Sesuai judulnya, The Look of Silence memang banyak diisi dengan tatapan-tatapan mata tanpa dialog. Setiap dua kalimat yang terlontar dari mulut para jagal atau mulut Adi, terselip tatapan-tatapan mata tanpa dialog yang cukup panjang. Bahkan, karena panjangnya durasi tatapan mata tanpa suara, saya curiga, jangan-jangan Adi sebenarnya adalah paranormal yang bisa mempengaruhi pikiran orang melalui tatapan mata.

Walau sebuah film dokumenter, The Look of Silence tetap memberikan hiburan lewat tingkah ayah dan ibu Adi. Sang ayah, lansia yang konon sudah lebih dari 100 tahun hidup di bumi, sering melakukan hal-hal konyol namun terasa menyedihkan. Salah satunya ketika menyanyi dengan suara lirih karena gigi yang sudah habis dimakan usia. Curhatan-curhatan sang ibu juga begitu menyentuh disertai beberapa dialog jenaka.

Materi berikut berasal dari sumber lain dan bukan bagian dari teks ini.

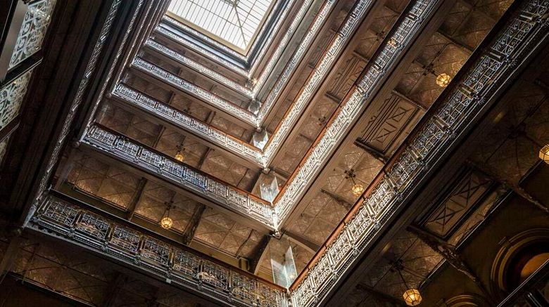 Boutique hotel, an architectural gem hailed for its iconic 9-story atrium & pyramidal skylight; in Lower Manhattan's New Downtown.

Secara keseluruhan, The Look of Silence berhasil menyuguhkan perspektif baru dalam sejarah kelam Republik Indonesia. Ekspresi dan tatapan mata minim dialog juga sukses menjadi kekuatan tersendiri. Bagi sebagian lapisan masyarakat, terutama organisasi yang mengaku organisasi kepemudaan namun diisi preman dengan kulit gelap, wajah pas-pasan tingkat dewa dan tubuh bau keringat, film ini tidak sesuai dengan perspektif mereka. Akan tetapi, bagi generasi-generasi penerus bangsa, film ini wajib ditonton untuk menambah wawasan sekaligus memberikan pandangan-pandangan baru mengenai peristiwa 1965.